Но раз уже заговорили о Сельме, — договорим, чтобы понятно стало — какая хозяйка у Рули, к которой он так привязан (а заодно станет ясно, какие бывают дачники).

Однажды, в отсутствие моих друзей, Сони и Юди, в дом, о коем идет речь, пришла жена одного пожилого приезжего писателя, очень заботившаяся о здоровье и об условиях отдыха мужа. (Знал ли он об этой ее заботе, я не знаю.) Она вошла к проуа Сельме вальяжным шагом и, убежденная в успехе своего предприятия, сказала ей так: «Вот что: вам платят за лето эти ваши жильцы — двести. На следующее лето мы будем у вас жить. Я вам заплачу — пятьсот».

Договорив свое предложение, устав от спешки в пути, она присела на минутку отдохнуть в уютное соломенное кресло. Но «ушам ее» и ей, несмотря на уют позы, пришлось, как говорят, «не поверить». Ибо Сельма, спокойно продолжая поливать цветы в горшках на окнах террасы, подымая и опуская носик леечки, отвечала тоном как бы созерцательным, как если бы дело шло вполне о чем-то отвлеченном, а не о деньгах:

— Я привыкла, — сказала Сельма, — распоряжаться комнатами моего дома сама, — и она вытерла тут же висевшей на гвозде тряпочкой воду, пролившуюся чуть-чуть через край подоконника, — в будущем году в этих комнатах будут жить… — и, назвав фамилию Сони и Юди, она прошла из террасы в дом. Что при этих словах испытала ее гостья — я не берусь рассказать.
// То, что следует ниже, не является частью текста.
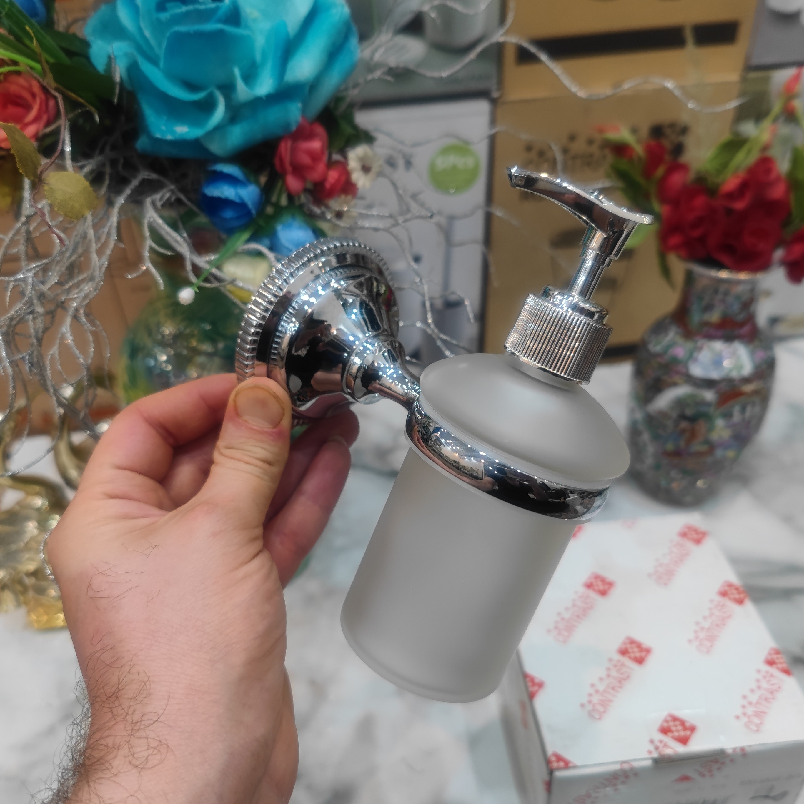 جای مایع دیواری وارداتی برند کنتراست نو آکبند بسیار زیبا و باکیفیت و جذاب رنگ بسیار زیبا و شکیل و پرطرفدار و جذاب کروم ساخته شده از استیل وبرنج و سرب آبکاری کروم به همراه یدک کریستال شفاف باکیفیت و شکیل و سرپمپ باکیفیت تضمین کیفیت ساخت عالی و مناسب ترین قیمت دارای کارتن و جعبه اختصاصی و باکیفیت محصول قابلیت استفاده در سرویس بهداشتی یا حمام یا آشپزخانه ارسال سریع به تمام نقاط کشور برای خریداران عزیز

Приближался конец лета, и я пришла к моим друзьям с маленьким фотоаппаратом «Любитель-2» — снять на прощанье проуа Сельму, ее огород, ее дом и, конечно, кота и Рули. Мне частично это удалось; правда, сопротивлялась старшая, та, которую я зову Соней. Должно быть, как и я, она отвращалась давно уж от зеркала (я помнила ее тому лет назад с полсотни — ее глаза огромные, широко раскрытые, маленький сомкнутый рот… кудри…).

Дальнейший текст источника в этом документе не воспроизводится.